Sunday, February 19, 2006

17. O caso da mulher com um olho de vidro (Cont.)

12.
De 17 de Novembro a 24 de Dezembro explodiram, nas mais
diversas situações, vinte agentes da Brigada de Homicídios da
Polícia de Nova Iorque.
Os jornais e as televisões fizeram grande alarde do acontecimento
e o Mayor pretendeu realizar um funeral colectivo, para mostrar
ao país como os seus homens, mal remunerados e sempre
criticados, morrem com honra no cumprimento do dever.
O problema que então se levantou foi o do ridículo de 20 urnas a
desfilar nas ruas sem nada lá dentro, vazias. A ideia foi então
posta de parte mas, em compensação, a 27 de Dezembro, uma
lei municipal obrigava a ter a bandeira a meia haste em todos os
organismos públicos, até ao dia 28, ao meio-dia.
Entretanto deu-se o Natal - inevitavelmente as pessoas e as
criaturas ficaram todas boazinhas, graças a Deus Nosso Senhor e,
também inevitavelmente, dá-se a passagem do ano que, desta
vez, foi a 31 de Dezembro, repleta de crimes, bebedeiras, fomes
e banquetes, beijinhos, beijocas, facadas, tiros e bofetões - enfim,
assinalou-se o evento com muita dignidade, principalmente nos
templos e nas associações de ajuda aos pobrezinhos, aos
esfomeadinhos, aos sem-abrigo, aos alcoólicos anóninos, aos
seropositivos, às mães solteiras, aos porto-riquenhos, aos
animais e aos drogados também. Houve ainda uma centena
de suicídios sem qualquer importância - uns pobres da merda já
fartos.
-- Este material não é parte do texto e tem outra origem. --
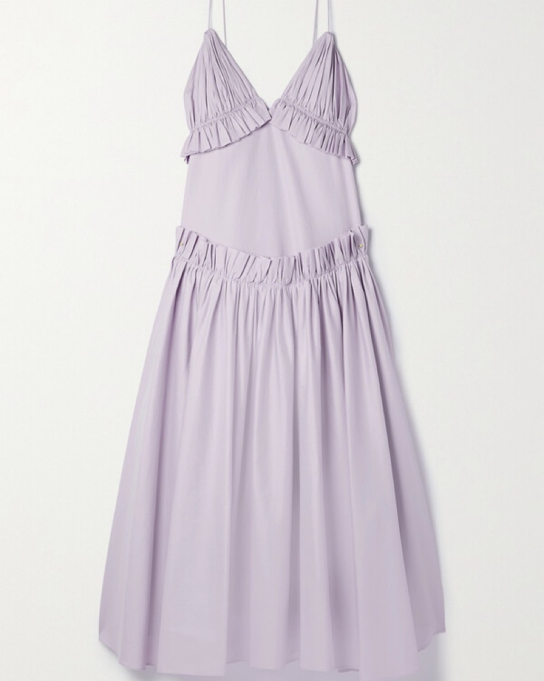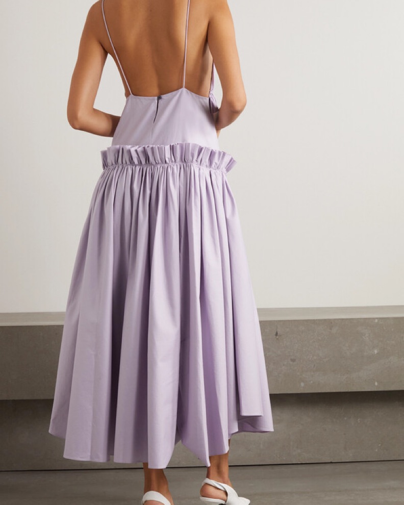 Khaite's Andrina dress has a slip silhouette with thin shoulder straps, pleated triangular cups and a drop-waisted circle skirt with ruffled raw edges. It's made from fine cotton twill that's washed for a relaxed finish. New with tags. Size L. US 8/10. Open to offers.

Outros conseguiram aguentar os rigores da neve, da fome
e do abandono e lá transitaram para o ano e década seguintes,
com a bênção do Senhor e do Presidente e respectiva esposa. Neste
período de oito dias, morreram assassinadas à dentada, facada,
por enforcamento, veneno para os ratos, por balas de diversos
calibres e por asfixia, uma centena e meia de criaturas.
Quanto aos nossos heróis, O'Hara andava sempre com a pála no
olho, por via do frio áspero que varria a cidade e Rockfeller passava
por uma crise de identificação pessoal - havia poucos filmes policiais,
nesta época, nas televisões. Tudo sinos e pessoas boazinhas e
estrelinhas no céu. Uma chatice!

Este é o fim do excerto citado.